EXERCISE — Retype the lines of the material below, exactly and only, from the one containing "Nếu màn hình" through the last line, with pictures left out.

INFORMATION SHOWN —
#####
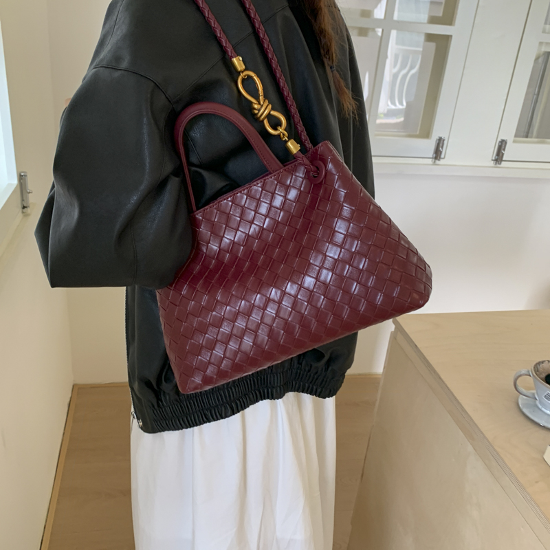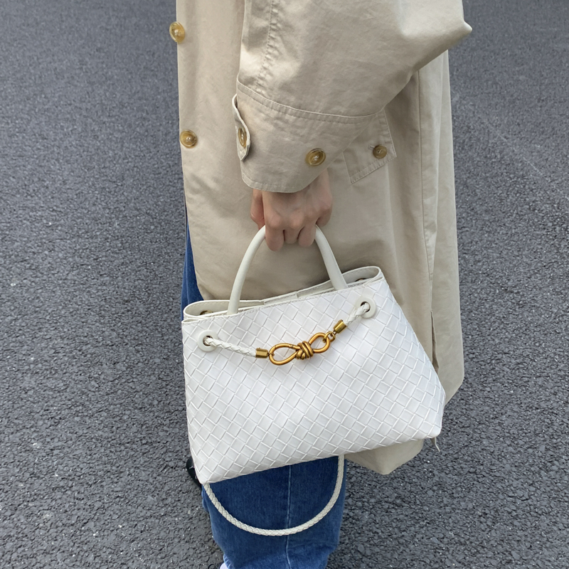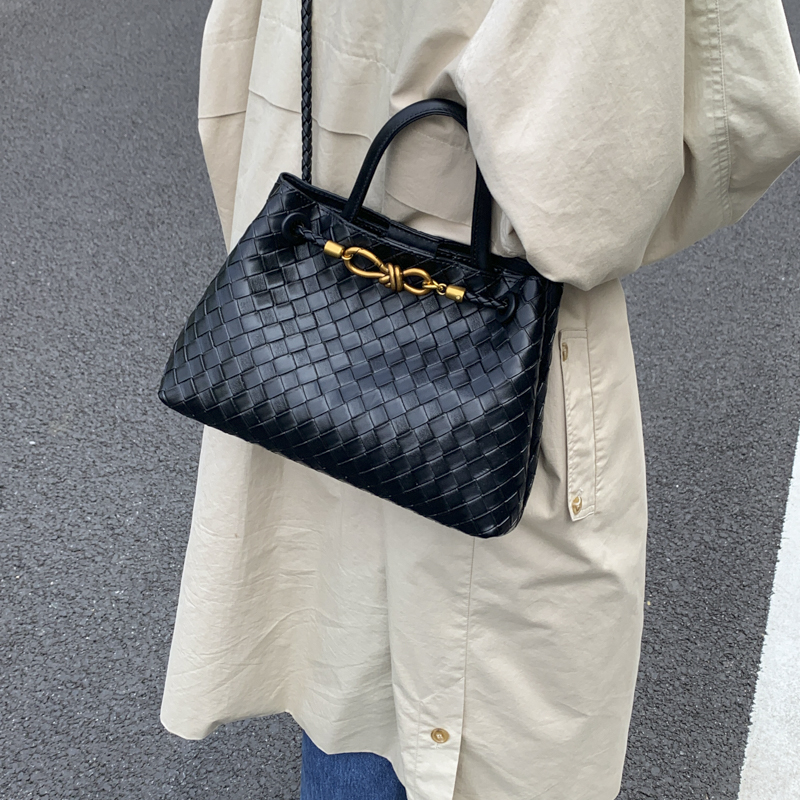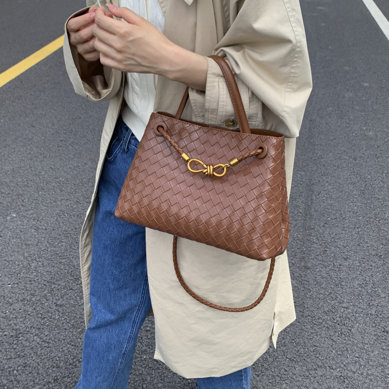 Artisanal woven texture elevates leather elegance; the metal lock buckle adds vintage charm. Dual-carry (handheld/crossbody) design suits versatile occasions—a luxury staple for daily styling.#5620
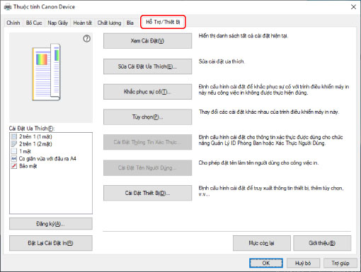 Nếu màn hình cài đặt in tiêu chuẩn Windows không có tờ [Hỗ Trợ/Thiết Bị] được hiển thị, có thể xảy ra vấn đề với môi trường, cài đặt hoặc tình trạng cài đặt của trình điều khiển. Tham khảo xử lý sự cố sau để bật màn hình cài đặt in của trình điều khiển cần hiển thị.
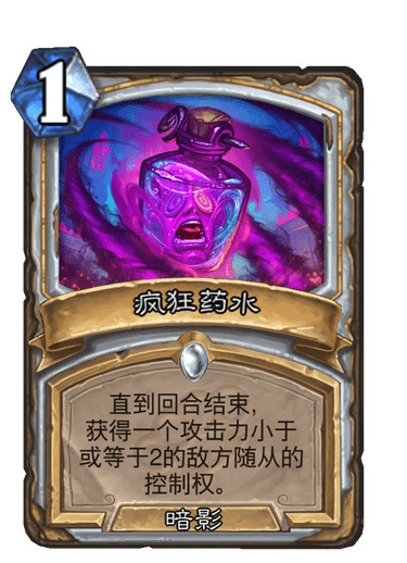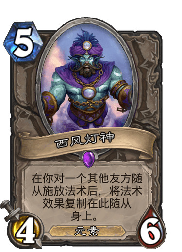 刚出来大家都认为灯神是buff型随从,因此很适合牧师,圣骑吧,的确最开始的灯神牧,大家希望的是灯神站场后蹭一些buff,这已经对得起紫卡的身价了。时间过了一年,加基森带来暗金教和宇宙,雷诺瞬间走红,我高中室友砸锅卖铁和了套宇宙术,他的天梯排名稳步上升,某夜我又在旁给他ob,对面牧师一套很奇怪的方式带走了他,室友立马+了好友,一边观战一边问卡组,牧师也是愉悦分享,并且又拿下了胜利,我又一次看见了,那张紫色的主角不正是和雷诺同时期登场的西风灯神吗!暗金教的法术(除了1张)全是药水,牧师更是直接4张,强效治疗的回复苟命完美对标火球术的伤害,龙息更是完美的AOE,不过灯神牧需要的另外两张小巧的1费药水。我的回合!多隆!从手牌通常召唤西风灯神;发动魔法卡,缩小药水,将你所有怪兽攻击力在本回合下降,然后发动疯狂药水,直到回合结束我获得你一个怪兽的控制权;
#####
RESPONSE TO THE EXERCISE —
 Nếu màn hình cài đặt in tiêu chuẩn Windows không có tờ [Hỗ Trợ/Thiết Bị] được hiển thị, có thể xảy ra vấn đề với môi trường, cài đặt hoặc tình trạng cài đặt của trình điều khiển. Tham khảo xử lý sự cố sau để bật màn hình cài đặt in của trình điều khiển cần hiển thị.
 刚出来大家都认为灯神是buff型随从,因此很适合牧师,圣骑吧,的确最开始的灯神牧,大家希望的是灯神站场后蹭一些buff,这已经对得起紫卡的身价了。时间过了一年,加基森带来暗金教和宇宙,雷诺瞬间走红,我高中室友砸锅卖铁和了套宇宙术,他的天梯排名稳步上升,某夜我又在旁给他ob,对面牧师一套很奇怪的方式带走了他,室友立马+了好友,一边观战一边问卡组,牧师也是愉悦分享,并且又拿下了胜利,我又一次看见了,那张紫色的主角不正是和雷诺同时期登场的西风灯神吗!暗金教的法术(除了1张)全是药水,牧师更是直接4张,强效治疗的回复苟命完美对标火球术的伤害,龙息更是完美的AOE,不过灯神牧需要的另外两张小巧的1费药水。我的回合!多隆!从手牌通常召唤西风灯神;发动魔法卡,缩小药水,将你所有怪兽攻击力在本回合下降,然后发动疯狂药水,直到回合结束我获得你一个怪兽的控制权;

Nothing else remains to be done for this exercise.